Returning to Barcelona as the head coach was a long-time dream for Xavi, but the former Barca playmaker’s turbulent and at times farcical final few months in the job have been a nightmare for both him and the Spanish club.
Xavi leaves having guided Barcelona to two trophies in two and a half seasons in charge, including the 2022-23 La Liga title.
But as he goes, there is sadness over how he has been left dangling over the last week by club president Joan Laporta, and also fear at what such a bungled move to a successor, likely to be ex-Bayern Munich and Germany manager Hansi Flick, means for the team’s future.
Xavi’s playing career was historic — he played 869 games for Barcelona between 1998 and 2015, winning 25 trophies, including eight La Liga titles and four Champions Leagues.
Just as significant for many Barca fans was his meaning as a local Catalan kid who joined their La Masia academy at age 11 and became perhaps the greatest symbol of the club’s possession-based style of football.
He was not always popular with fans of other teams, and was prone to occasional disparaging comments about rivals, especially if they played for Real Madrid. He once famously dismissed Cristiano Ronaldo as a “dribbler” who was not nearly as good an all-round footballer as his Barca colleague Lionel Messi.
But such moments just made most fans and pundits in Barcelona love Xavi even more. He shared their pride in everything to do with the team, and would always defend the club with everything he could.

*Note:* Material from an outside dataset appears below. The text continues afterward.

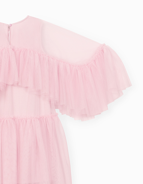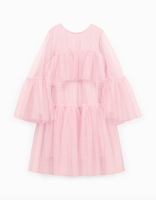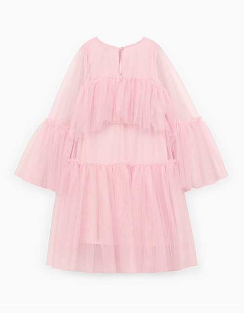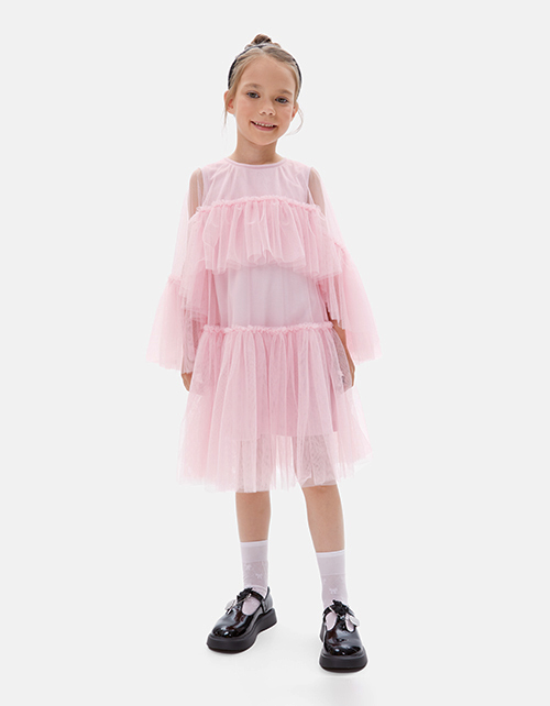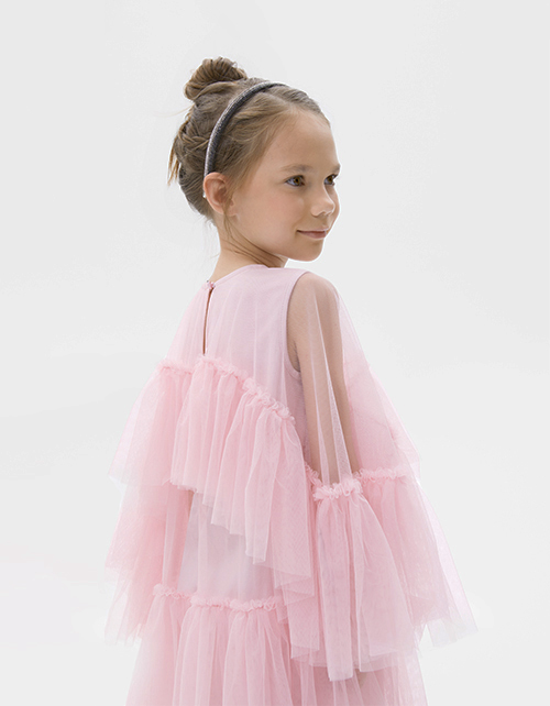 Дизайнерское светло-розовое нарядное платье для девочки. Комфортная трапециевидная модель с застёжкой на пуговицу. Изделие с оригинальной пелериной. Акцентные летящие рукава.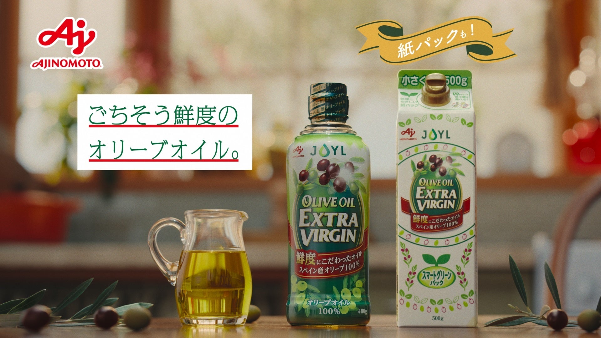 JOYL「AJINOMOTO オリーブオイル」シリーズは、1996年の発売以来、四半世紀にわたり多くのご家庭でご愛用いただいています。パッケージデザインを一新した今年3月には、環境に配慮した紙パック製品もラインナップに追加しました。

After captaining Barca to a second Champions League, La Liga and Copa del Rey treble in 2014-15, at age 35, Xavi realised he was no longer capable of helping on the pitch. He immediately began to prepare to return one day as coach, deciding to join Al-Sadd in Qatar to gain experience of management for himself and his chosen backroom staff.
It was always a matter of when he would be in the Camp Nou dugout, rather than if. Laporta at first resisted, but called him back in October 2021 to replace a floundering Ronald Koeman.
The returning club legend also functioned as a useful shield for criticism for Laporta and his board of directors. Everyone was still struggling to come to terms with talisman Messi’s departure to Paris Saint-Germain that summer, as well as the club’s huge financial problems.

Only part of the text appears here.